The transformation from the sensor’s coordinate system to the global coordinate system was manually measured and has an unknown accuracy. However, the transformation only affects which points are removed by the crop-filter, and thus does not directly affect the compression performance. All experiments were conducted using live point cloud streams.

2.8. Multisensor Setup

For the denoising results presented in Section 3.4, all six sensor nodes were used. The sensors were placed along the outer peripheral of the lab and manually calibrated based on the method in [16]. Calibration of the camera intrinsic parameters was performed according to [17]. Note that, compared to the setup in [16], some of the sensors’ mounting locations have been moved such that the monitored area is smaller. Work has also been done to create an automatic calibration scheme for the same industrial lab. These results have been submitted and are currently under review in [18].

Table 1. Calibrated sensor positions in meters and orientations in degrees. The positions are in the global coordinate system. N corresponds to the sensor number.

N	X	Y	Z	RotZ	RotY	RotX
1	7.798	0.496	4.175	40.170	0.639	−136.170
2	1.729	0.501	4.135	−45.253	2.063	−141.490
3	9.522	5.275	4.353	88.439	−0.072	−143.461
4	0.553	4.995	4.353	−89.208	−0.495	−145.591
5	8.879	9.192	4.194	126.733	−1.311	−139.272
6	0.559	9.136	4.145	−121.458	−0.487	−137.562

shows the locations of the sensors in the global coordinate system.

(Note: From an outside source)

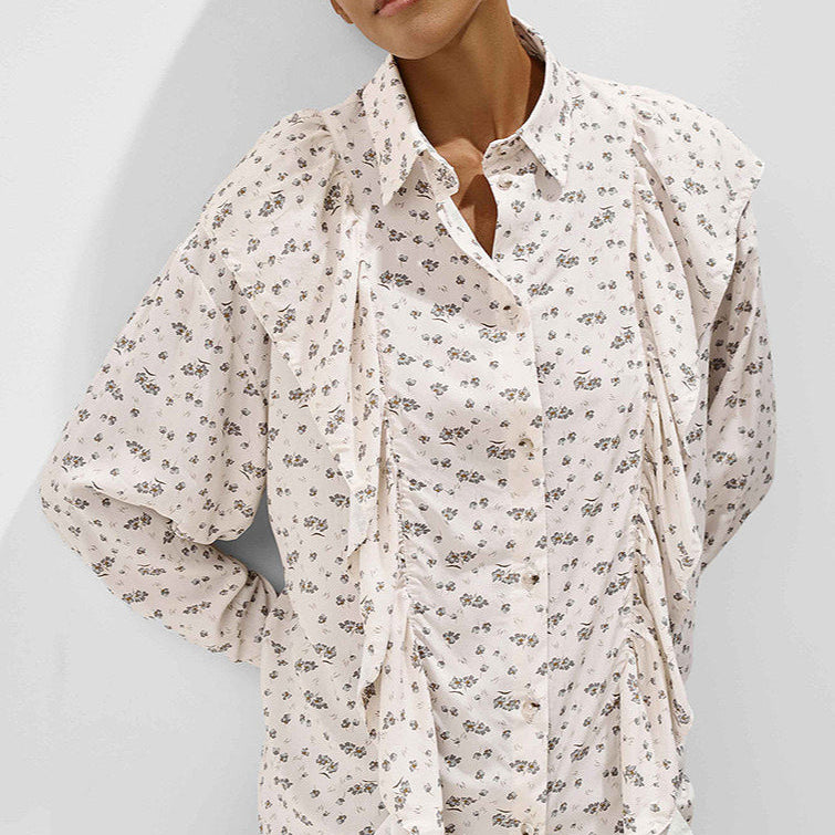 Dametunikabluse – Løs pasform – Blomsterprint – Luksuriøst stof – Knaplukning

Mounting several Kinect sensors in the same environment could possibly lead to interference problems. Indeed, the first version of the Kinect is known to have problems with interference, as they are based on structured light [19]. The latest version that we used in our experiments (Kinect for XBOX One) is based on time-of-flight measurements using a modulated continuous wave IR signal. There is still a possibility of interference when using this version of the sensor, but it has been shown that the errors caused by interference are negligible when certain mounting constellations are avoided [20]. Even though some of the sensor orientations in our lab may fall within this “bad” configuration, we have not had any visible problems with interference in our experiments, and thus no further steps have been taken to manage this potential issue.

3. Results

The resolution of the Kinect V2 IR depth image is 512 × 424 pixels, thus the number of points in each point cloud generated by the IAI Kinect2 ROS driver is 217,088. When discarding the RGB color information which is not used, each point consists of 4 32 bit floating point numbers, or 16 bytes. (The PCL point type used includes x, y, z coordinates and four bytes of padding). These numbers are constant for all point clouds and give an original point cloud size of 3392 KiB.

3.1. Preprocessing

The first step in preprocessing was to generate the point intensity values for all points. In this experiment, Equation (1) was used. In the process, the points were converted from XYZ to XYZI (this does not increase the point cloud size due to the four bytes of padding in the XYZ type point). Before the point cloud was sent through the octree compressor, it was transformed and crop-filtered as previously described. This yielded a new point cloud with an average of 37,108 points when measuring 1000 consecutive point cloud frames, which was then sent through the compressor at the sensor node.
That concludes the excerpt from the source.